I completely agree with my colleague that Scripture does not reveal every detail of the creation process, but the facts that Scripture does reveal do stand and must not be questioned.
How could God be any clearer in meaning six literal days, than by repeatedly saying, “So the evening and the morning were the [next] day”? Furthermore, the Fourth Commandment about keeping the Sabbath Day refers back to the creation week of six literal days. In Mark 10:6, God refers to the creation of man as male and female as having happened “in the beginning of the creation,” and not in the course of millions of years long after “the beginning of creation.” Millions of years would put death before the Fall, reject Adam and Eve as real people, and deny the Fall as a historic incident.
These are no small and minor issues.

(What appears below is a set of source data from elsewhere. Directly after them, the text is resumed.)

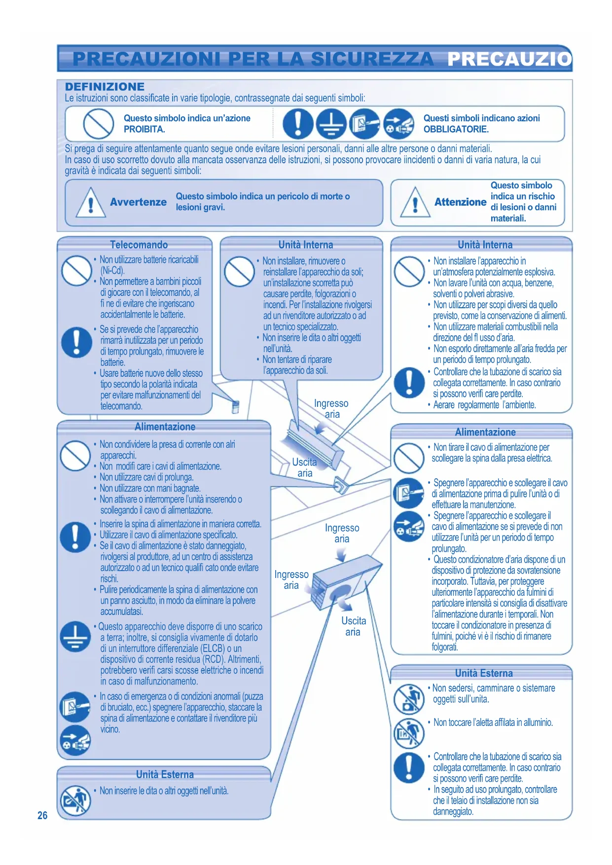 NOTE: • Il presente apparecchio è capace di funzionare come raffreddamento con temperatura esterna di -15°C in un ambiente non abitato frequentemente, per esempio la stanza del computer, con temperatura ambiente oltre 16°C ed una umidità superiore ad 80%. Quando la temperatura esterna raggiunge i -15°C, il compressore viene spento e riprende a funzionare quando la temperatura supera di nuovo i -15°C.
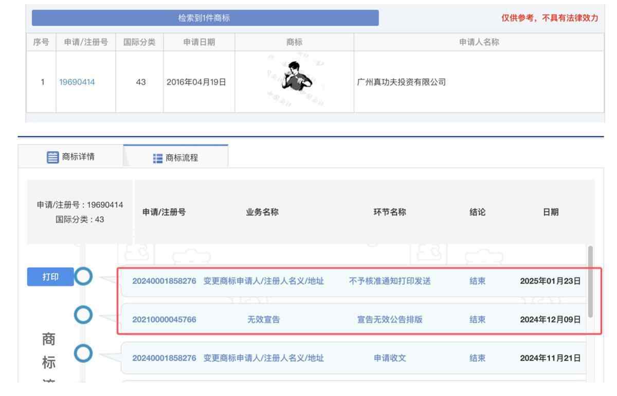26日,记者通过中国商标网查询上述争议商标发现,第6295470号、第19690414号商标于2024年12月已处于“无效宣告”状态。
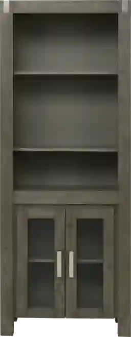 Offering the perfect storage solution for a lively living room, the Hidden Springs pier is a wonderful addition to your home. Crafted from acacia solids and veneers, the gray finish is complemented with nickel drawer pulls. Three open shelves provide an ideal place for books, media and accessories. At the bottom, two shelves behind glass doors offer a great spot for displaying treasured keepsakes.

This is an outright attack on the truth of God’s Word. It is disingenuous for anybody to claim to believe in the inerrancy and infallibility of Scripture while at the same time neglecting Scripture’s clearest teaching.

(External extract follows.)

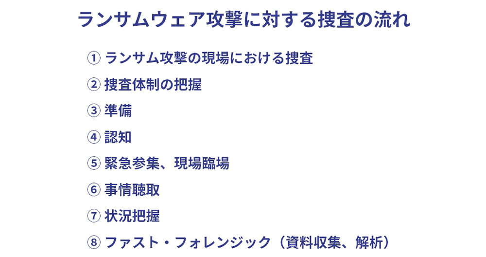 ランサムウェア攻撃が発生する前の準備段階や、被害が発生した際に捜査員が参照できるハンドブックになっているが、一般の企業でもこれに沿って準備していれば、万一、ランサムウェアの被害に遭ったときでも、迅速に捜査が進められるようになる。

Fictorie makes the highly misleading statement that, “[T]wo millennia of church history has produced dozens of interpretations (and denominations to go with them).” Does that mean that whenever there is more than one opinion on any of the Bible’s teachings, we cannot know for sure? I might add that for 1800 years there was almost unanimous agreement about Scripture teaching creation in six days about 6000 years ago and a global Noachian flood. How about the countless different interpretations of nature by natural scientists? Yet, Fictorie presents his own interpretation of nature as free from interpretative error and even seems to put it above Scripture when it comes to interpreting the creation account.
He writes that, “the existence of multiple interpretations of Scripture is a direct result of humanity’s sinful state” and then makes the stunning statement that “Scripture is infallible and inerrant, but human interpretation is not,” which—if brought to its logical conclusion—calls literally everything Christians believe into question. Abusus non tollit usum—the abuse does not negate the proper use. Yes, there are people who misinterpret the Bible, but shall we therefore throw away our Bibles and assume that God was wrong to give His written Word to us because some cannot interpret it properly? Here we find the massive contradiction in Fictorie’s argument: he warns us of human sin in interpreting and applying the written Word, but he seems to have no problem with the same sinful men interpreting the less clear “book of nature” apart from Scripture.
Fictorie calls for a “careful, open-minded investigation,” to which I reply that the first time humanity was asked to put aside God’s Word, to be open-minded, and to trust their own perception of nature, sin came into the world. Nowhere does Scripture call us to be “open-minded” but rather the opposite, to “bring every thought into captivity to the obedience of Christ” (2 Cor. 10:5). There is nothing “gracious” about questioning the truth of God’s Word. We are to interpret nature through the lens of Scripture and not seek to re-write Scripture through our own autonomous and sinful interpretation of nature.